Phase 1.5: Literature Enrichment Gate
Before starting the writing loop, ensure citation coverage is adequate for a
review/survey paper. Review papers require substantially more references than
empirical papers.
- Gather candidates: collect papers from initial discovery, spine set,
and sub-area searches. Aim for 50-80 candidate entries in
ref.bib.
- Sub-area coverage: for each Related Work subsection (from the outline
contract or framework skeleton), verify ≥ 5 cited papers. If any sub-area
has fewer, search for additional papers in that cluster.
- Seminal work: for each major research thread in the taxonomy, verify
at least 1 foundational/seminal paper (pre-2020) is cited alongside
recent work. Review papers that cite only recent work look shallow.
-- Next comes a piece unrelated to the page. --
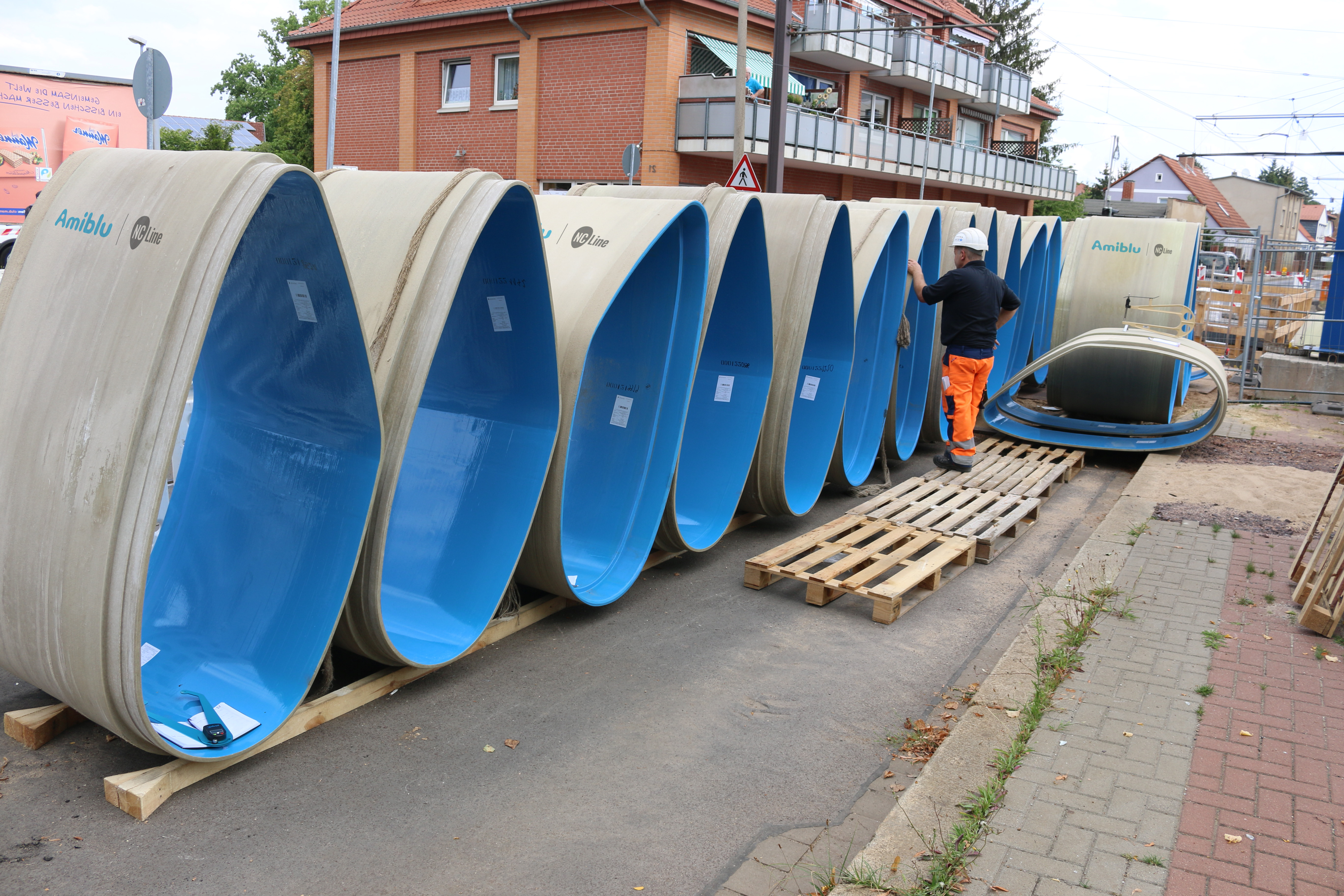 Auch in Sachen Nachhaltigkeit übernimmt Amiblu Verantwortung: Die Herstellung der GFK-Rohre erfolgt mit einem deutlich geringeren Energieeinsatz im Vergleich zu konventionellen Materialien wie Beton oder Stahl. Durch das geringe Gewicht der Rohre werden Transport- und Einbauaufwand reduziert, wodurch CO₂-Emissionen auf der Baustelle erheblich verringert werden. Hinzu kommt: Die lange Lebensdauer spart häufige Sanierungen oder Erneuerungen und trägt so zur Entlastung kommunaler Haushalte und zur Schonung natürlicher Ressourcen bei.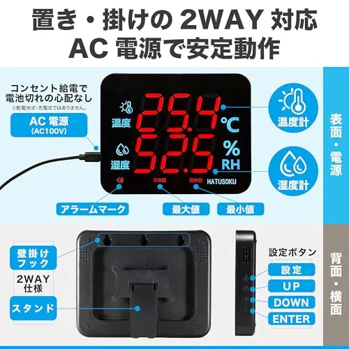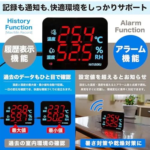 【温度と湿度のアラーム設定可能】温度と湿度ともに、上限値、下限値を超えたときにアラームが鳴るように設定することが可能。暑さ対策や乾燥対策に有用となっております。

- Key method citations: every method, algorithm, or benchmark mentioned
by name in the outline must have a corresponding
ref.bib entry.
- Quality screening: verify and filter all citations via the standard
verification pipeline (
arxiv_registry.py → source_ranker.py →
citation_policy.py). Remove entries that fail verification, are
duplicates, or are Tier C (low-quality) sources unless no better
alternative exists for that claim.
- Gate (post-screening): do not start W1 until
ref.bib has
≥ 30 verified entries after screening. Target 60-80 for the
finished paper (additional citations are added during Phase 2 writing).
Every Related Work sub-area must still have ≥ 5 verified citations
after screening. If the gate fails, return to enrichment (repeat
steps 2-5) before proceeding.
Phase 2: Per-Issue Writing Loop
For each writing issue in the CSV:
- If an issue balloons (new figure, new subsection, new benchmark set, or a large QA fix), split/insert new issue row(s) (e.g.,
W6a, Q5) before proceeding; re-run python3 scripts/validate_paper_issues.py <issues.csv>; keep going until all issues are DONE/SKIP.
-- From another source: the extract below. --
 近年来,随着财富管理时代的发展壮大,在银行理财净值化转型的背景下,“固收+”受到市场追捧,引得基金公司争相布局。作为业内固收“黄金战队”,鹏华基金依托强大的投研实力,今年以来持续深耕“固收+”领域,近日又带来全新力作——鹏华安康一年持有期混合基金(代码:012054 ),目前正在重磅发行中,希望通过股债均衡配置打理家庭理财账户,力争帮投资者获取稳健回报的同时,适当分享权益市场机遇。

- Research: 8-12 section-specific papers.
- Write: Never 3 sentences without citations; varied paragraph rhythm
(see
references/writing-style.md).
For section intent and structure, use references/template-usage.md.
- Visualize: Match content triggers (see
references/visual-templates.md).
Prioritize single-column sizing; use double-column spans only when necessary (see Layout Hygiene).
Cite externally sourced figure content.
- Verify: Web search + open source page (and PDF if available) before adding to
ref.bib.
For arXiv entries, append BibTeX via python3 scripts/arxiv_registry.py --project-dir <paper_dir> export-bibtex <arxiv_id> --out-bib <paper_dir>/ref.bib.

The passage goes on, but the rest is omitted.